▶ **What the task requires**: Output the entries below word for word, stopping once the line containing "Figure 4. Inhibtion" is done, and omit each picture.

▶ **Data shown**:

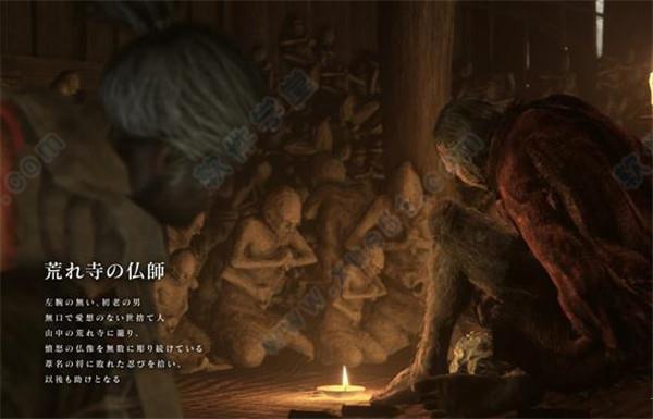 没有左臂的半老僧人。沉默寡言舍弃红尘之人。独居于山中荒寺,不停地雕刻着无数愤怒的佛像。捡到了被苇名之将击败的忍者,以后也会提供帮助。
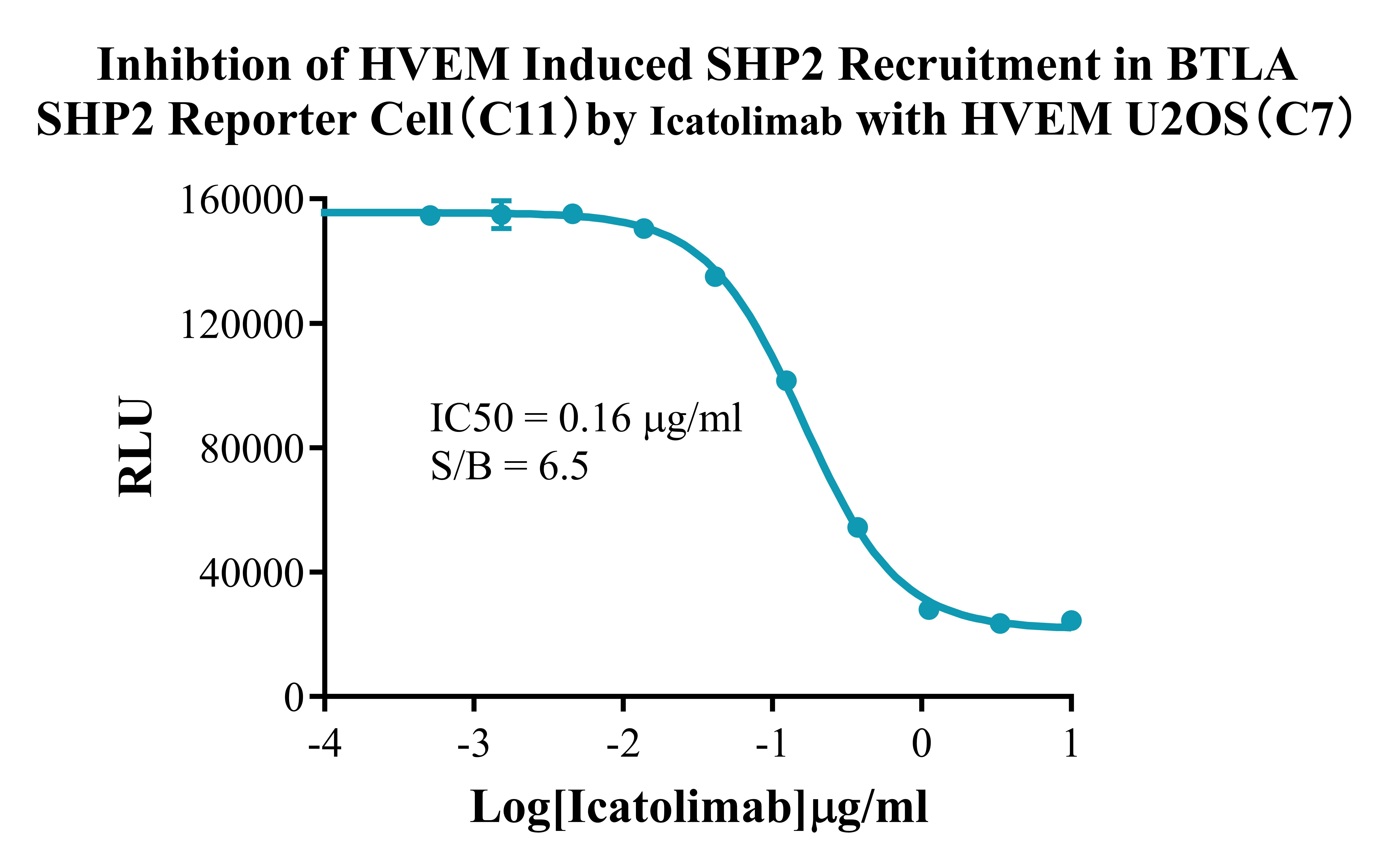 Figure 4. Inhibtion of HVEM Induced SHP2 Recruitment In BTLA SHP2 Reporter Cell(C11) By lcatolimab with HVEM U2OS (C7). |
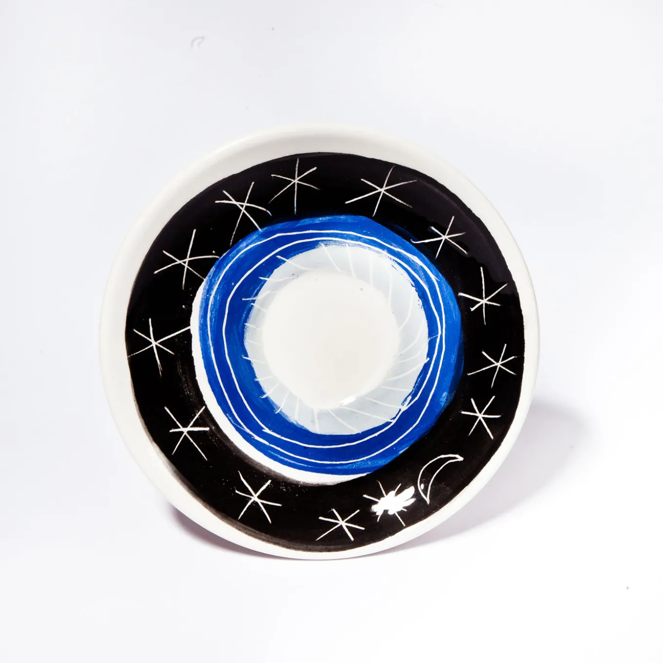 Part of a series inspired by medieval collections of real and fantastical creatures and by the paintings on the ceilings of Egyptians pyramids, this set of espresso cup and saucer was entirely hand painted over a clay surface with a glazed finish. On the white background of the cup (Ø8 cm, H 4.5 cm), the artist used the typical colors of the traditional “engobbio” technique (light grey, blue, and black) to create the playfully eclectic portrait of a horse striking its tongue out of its mouth. The saucer (Ø12 cm) is adorned with an eclectic rendition of a starry sky.
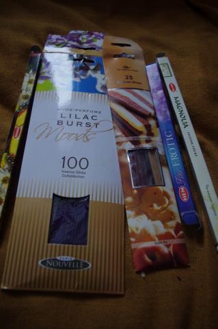 Daug įvairių smilkalų. Labai skaniai kvepia.
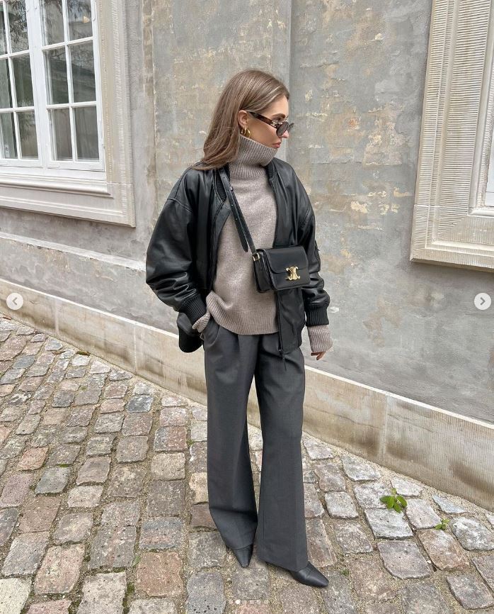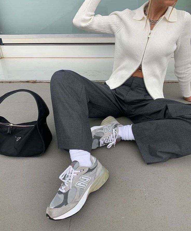 넉넉한 터틀넥 니트, 와이드핏 슬랙스, 여기에 운동화를 매치한 것까지 우리 흔하게 입는 데일리룩이죠
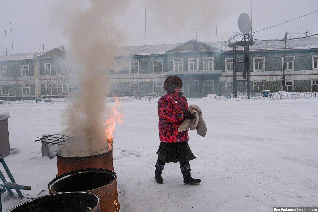 Первый вопрос, который возникает, когда смотришь на всё это великолепие: зачем тут вообще живут люди? Просто тут есть хоть какая-то работа. Медсестра получает 45 000, водитель фуры за "ходку" по зимнику – 60 000, младший сотрудник в администрации – 40 000. Да и люди хорошие. Когда холодно, люди всегда хорошие. Плохие люди замерзают и уезжают на юг.
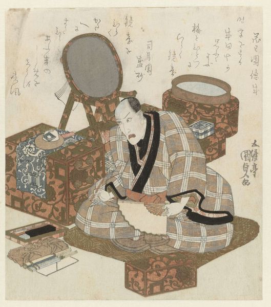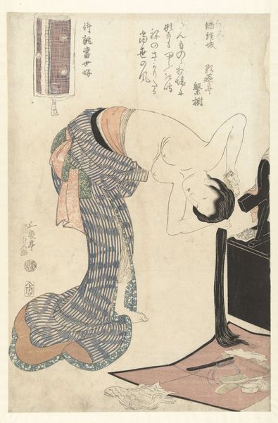 Editor: This is "Pop en kistje" by Shozo Ittei, a woodblock print from around 1820 to 1830. The figure's reclining pose, coupled with the patterned backdrop, gives it such an intimate feel. What catches your eye when you look at it? Curator: I see a deliberate construction of desire within a rigid social structure. This piece belongs to the ukiyo-e tradition, reflecting the "floating world" of pleasure districts. Consider how the artist presents the female figure; is she empowered or objectified by her nudity and surroundings, knowing that this piece was designed for the consumption of male audiences? Editor: I hadn't thought about that perspective. It’s interesting how what might appear as a simple, intimate scene can be viewed through a critical lens. How was something like this displayed at the time? Curator: These prints were mass-produced and circulated widely, a form of popular culture. Think about how they were collected, displayed in private spaces, and how they participated in shaping ideas about beauty, sexuality, and social status. Does knowing this shift your initial reading of the work? Editor: It certainly complicates it. It feels less innocent and more like a reflection of a male-dominated society. Curator: Precisely. And that tension, that play between the artistic and the social, is where the power of historical analysis lies. What about the textual elements – do they have a bearing in how one reads this visual representation? Editor: I would imagine so, because its inclusion means it was very much intended to inform the reading of the artwork! It's amazing how much history can be packed into a single image. Curator: Exactly! It’s a window into the past, prompting us to consider the complexities of representation and spectatorship.

▶ **Answer to this exercise**:
 没有左臂的半老僧人。沉默寡言舍弃红尘之人。独居于山中荒寺,不停地雕刻着无数愤怒的佛像。捡到了被苇名之将击败的忍者,以后也会提供帮助。
 Figure 4. Inhibtion of HVEM Induced SHP2 Recruitment In BTLA SHP2 Reporter Cell(C11) By lcatolimab with HVEM U2OS (C7). |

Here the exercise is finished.